= Work instruction =
For this exercise, retype all the data exactly and exclude every image.

= Extracted material =
..........

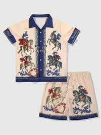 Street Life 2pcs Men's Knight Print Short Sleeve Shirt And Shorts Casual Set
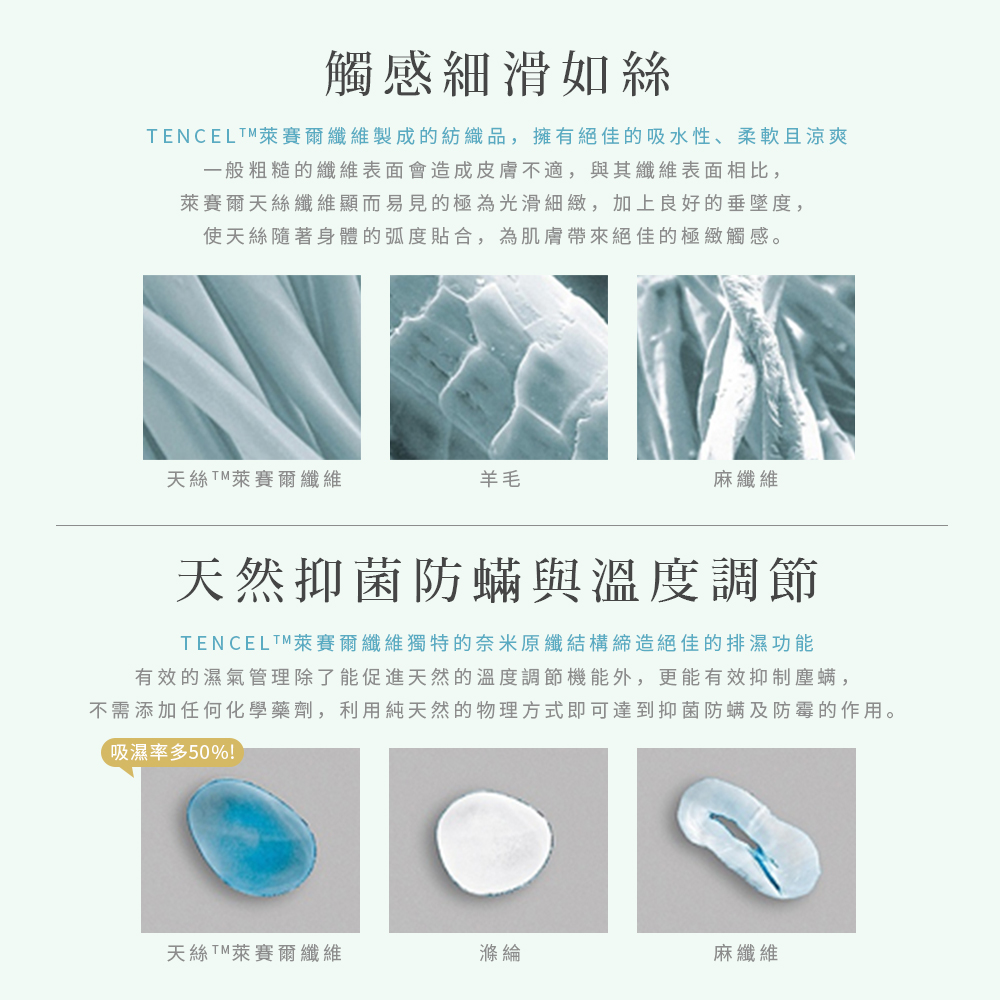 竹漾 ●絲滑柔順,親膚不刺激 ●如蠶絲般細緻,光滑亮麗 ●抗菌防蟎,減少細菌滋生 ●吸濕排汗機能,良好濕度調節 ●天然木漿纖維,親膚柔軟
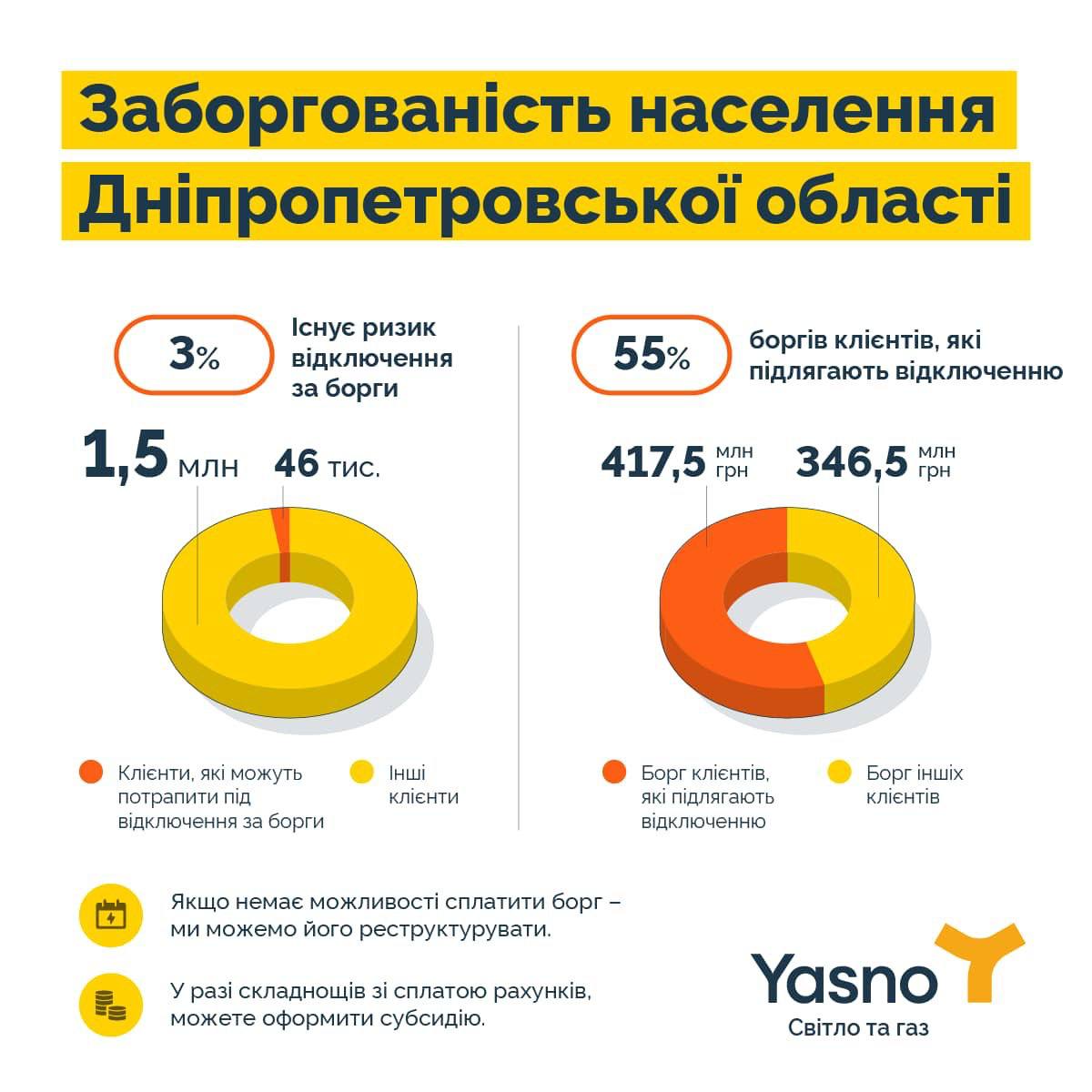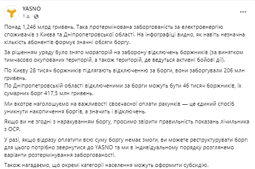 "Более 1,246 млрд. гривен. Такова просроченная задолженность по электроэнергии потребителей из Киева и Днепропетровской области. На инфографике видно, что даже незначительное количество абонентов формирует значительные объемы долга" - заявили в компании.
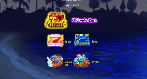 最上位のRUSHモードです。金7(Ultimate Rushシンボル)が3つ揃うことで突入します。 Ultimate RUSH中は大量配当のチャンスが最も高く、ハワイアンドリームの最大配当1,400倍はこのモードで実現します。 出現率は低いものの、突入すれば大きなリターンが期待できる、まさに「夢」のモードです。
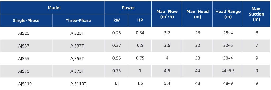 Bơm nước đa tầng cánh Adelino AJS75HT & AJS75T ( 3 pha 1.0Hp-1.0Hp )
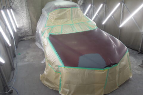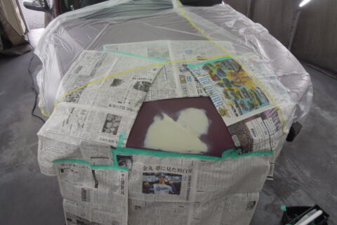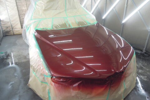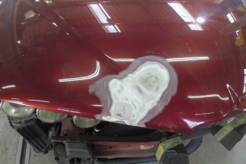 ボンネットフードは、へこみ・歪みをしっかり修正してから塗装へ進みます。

..........

= Exercise result =
 Street Life 2pcs Men's Knight Print Short Sleeve Shirt And Shorts Casual Set
 竹漾 ●絲滑柔順,親膚不刺激 ●如蠶絲般細緻,光滑亮麗 ●抗菌防蟎,減少細菌滋生 ●吸濕排汗機能,良好濕度調節 ●天然木漿纖維,親膚柔軟
 "Более 1,246 млрд. гривен. Такова просроченная задолженность по электроэнергии потребителей из Киева и Днепропетровской области. На инфографике видно, что даже незначительное количество абонентов формирует значительные объемы долга" - заявили в компании.
 最上位のRUSHモードです。金7(Ultimate Rushシンボル)が3つ揃うことで突入します。 Ultimate RUSH中は大量配当のチャンスが最も高く、ハワイアンドリームの最大配当1,400倍はこのモードで実現します。 出現率は低いものの、突入すれば大きなリターンが期待できる、まさに「夢」のモードです。
 Bơm nước đa tầng cánh Adelino AJS75HT & AJS75T ( 3 pha 1.0Hp-1.0Hp )
 ボンネットフードは、へこみ・歪みをしっかり修正してから塗装へ進みます。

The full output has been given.